#408 Post-Christmas Grinch (26)

Maybe it’s cabin fever, or maybe it’s being slightly under the weather, but today I had to get out of the house for some undivided solitude. I love my son, but the constant demands to entertain him and play with him wear me down and make me cranky, cantankerous, and short-tempered. So I took the opportunity today to peruse the St. Stephen’s Day sales in the city centre. With my headphones on, it was pretty much all about spending time in my own head.

Spending a few hours trying on clothes isn’t necessarily guaranteed to improve my mood, but sometimes trying to view the experience from an observer’s point of view gives me something to laugh about. Some things sprang to mind immediately perusing the clearance racks in TK Maxx. Sometimes I want to write an open letter to fashion designers when I’m there. For starters, I am endlessly curious as to why year upon year there is such an abundance of horizontal stripes. It’s just not flattering. Then there’s the black top I found on the fancier racks. I couldn’t tell if it was meant to be a dressed down work top, or a dressed up athletics top. I mean, I know some outfits can multitask, but I think I should be able to at least easily tell if I’m meant to wear it to work or to the gym?

I will also instantly eliminate any top if I can’t figure out which way it’s meant to face. I’m not going to hunt for the tag to figure out which is the front and which way is the back. However, that paled in comparison to the Tahari top I found. I mean, it looked great on a hanger, but I got so hopelessly tangled that there was a second where I wasn’t certain I’d figure my way out of it again.

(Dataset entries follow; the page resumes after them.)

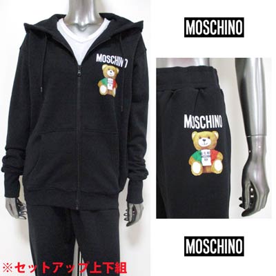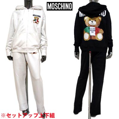 モスキーノ MOSCHINO レディース セットアップ上下組 トップス パンツ ロゴ 2color MOSCHINO BEAR転写ロゴプリント付きセットアップジャージ 白/黒 V1709+V0309 0527 1001/1555 (R166100) 121 2021年春夏新作【送料無料】 【smtb-TK】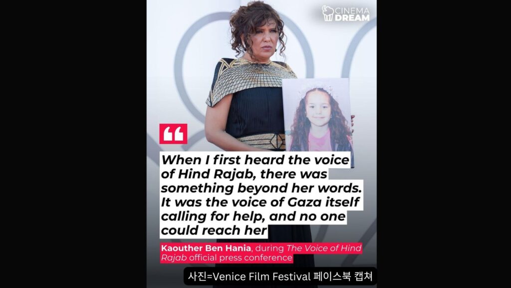 튀지니 출신 감독 카우더 벤 하니아가 연출한 90분 분량의 ‘힌드 라잡의 목소리’는 이번 베네치아 영화제 경쟁 부문에 진출했다.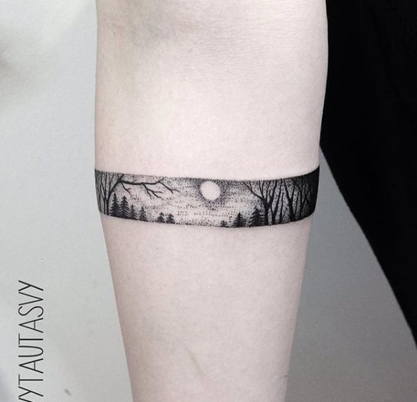 25款男性黑色手臂线条纹身点刺技巧半甲纹身图案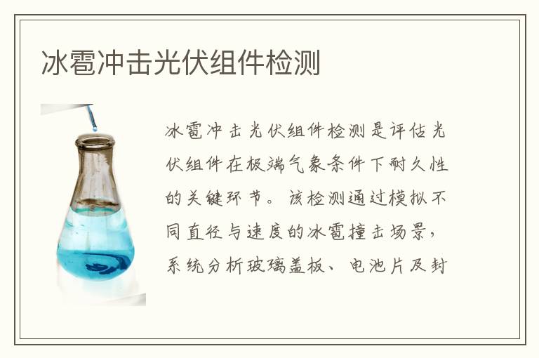 ASTM E1038-10《光伏模塊沖擊測試的標(biāo)準(zhǔn)試驗(yàn)方法》:美國材料與試驗(yàn)協(xié)會標(biāo)準(zhǔn),詳細(xì)描述了模擬冰雹沖擊的測試程序和參數(shù)設(shè)置,用于評估組件抗沖擊性能。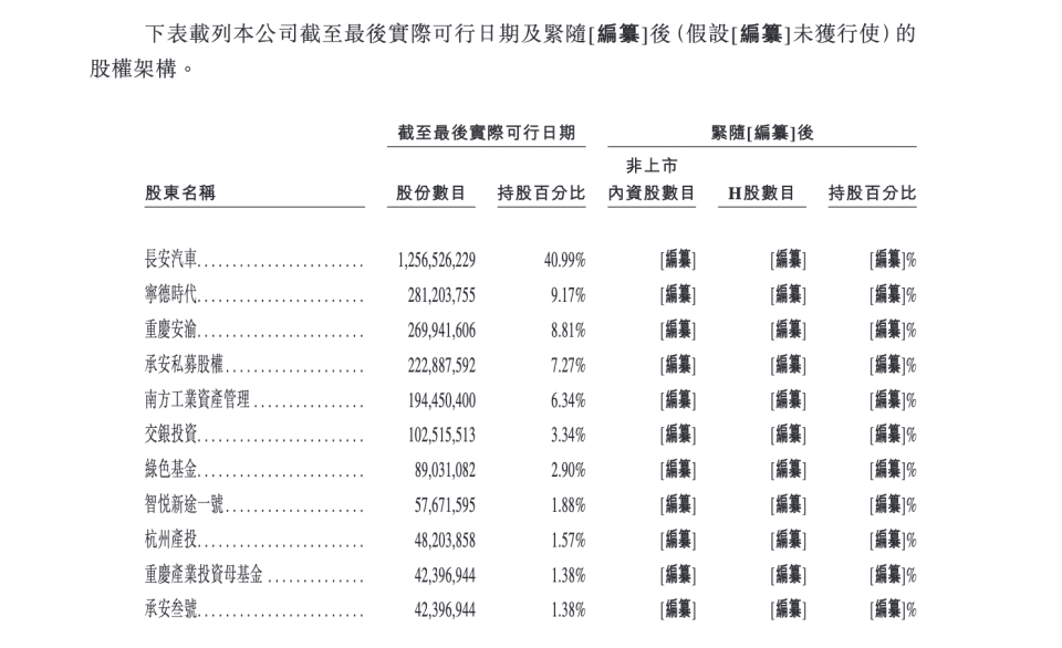 招股说明书披露,阿维塔现在的控股股东为长安汽车、中国长安汽车集团;上市后的控股股东为中国长安汽车集团、辰致汽车、中汇富通、长安汽车及常安创新五大股东。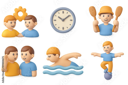 three-dimensional, playful, cartoon, character, swimming, sport, teamwork, clock, activity, colourful, children, fun, diverse, interaction, friendship, kayak, dance, synchronized, smiling, joyful, cute, dynamic, vibrant, children, recreation, hobby, lifestyle, creative, expressive, social, cheerful, animated, play, casual attire, leisure, bonding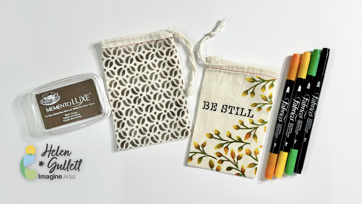 Hello crafty friends! Today’s projects are about how you can personalize any muslin bags or canvas bags by adding patterns, words, or anything you can think of with Fabrico Markers, Memento Luxe ink pads, and stencils. It will be fun projects to make for any occasion gift ideas or even for yourself to use. So, let’s make some together!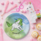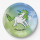 Unicorn on Starry Background Paper Party Plate with customizable text.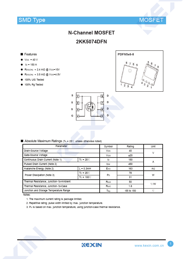 ● VDS = 40 V ● ID = 150 A ● RDS(ON) < 2.4 mΩ @ VGS=10V ● RDS(ON) < 3.5 mΩ @ VGS=4.5V ● 100% UIS Tested ● 100% Rg Tested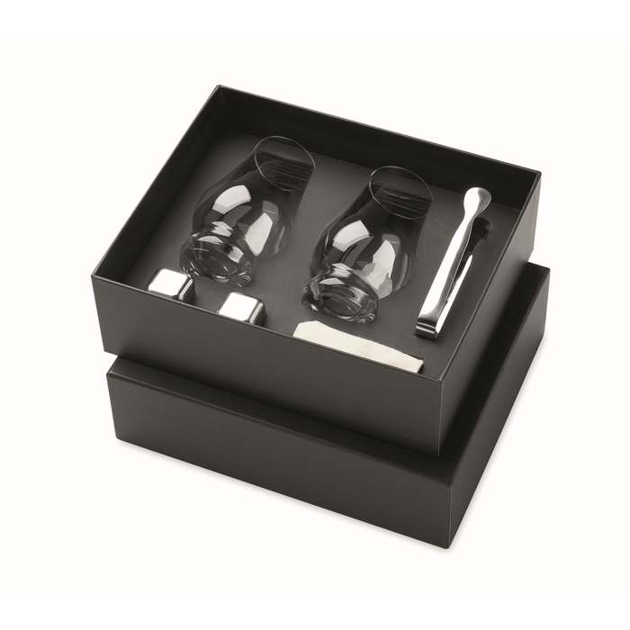 Készlet 2 kóstolópohárral (200 ml) whiskyhez vagy más szeszes italokhoz, 2 többször felhasználható rozsdamentes acél jégkockával, csipesszel és a jégkockák tárolására szolgáló pamut tasakkal. Ajándékdobozban.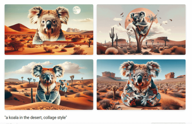 Ask Copilot for an image such as “make image of a Koala in the desert”, select one of the thumbnails to see the full size version. What’s new are the style choices at the bottom.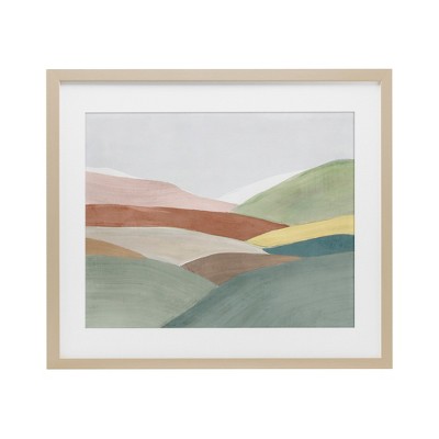 A digitally printed paper is framed with a white mat under durable PETG plastic. The bevel cut mat is made of paper pulp mat board. The wood look frame includes a pre-installed sawtooth hanger for easy hanging.

It wasn’t all fail. I picked up a few simple things. I wandered around a few shops until the crowds got to me then retreated to a cafe for some tea before heading home. I spent the time mulling over what I might write about today as nothing particular was springing to mind other than my fashion observations. But as I sat in a little nook in the tea shop I brought my mind back to my recent observation that I want to focus more on what makes me happy, and on a particularly grinchy day that seemed like an appropriate direction. It occurred to me that I just spent the better part of four hours shopping on a holiday. Not just any holiday, but the day after Christmas. I kept my headphones on most of the time, but I did chat to a couple of the ladies running the fitting rooms, as well as the girl serving me the tea. I know that St. Stephen’s day sales (the Irish version of Black Friday) expanded significantly in the last ten years and in the past it was much more common for shops to be closed that not. So while I sat there at my leisure I reflected on the luxury I have of not only not working on St. Stephen’s day, but also working in a job where I have the option to not work at all between Christmas and New Year. Although our office is nominally open for two days this week, it runs on a skeletal staff, mostly focused on transactions involving American clients and those engaged in last minute billing.

It was both sobering and uplifting to recognise the privilege of relaxing amongst people who were working to serve me. Sobering to acknowledge and uplifting to appreciate the what I have.

So there you have it. Grinchiness slightly negated.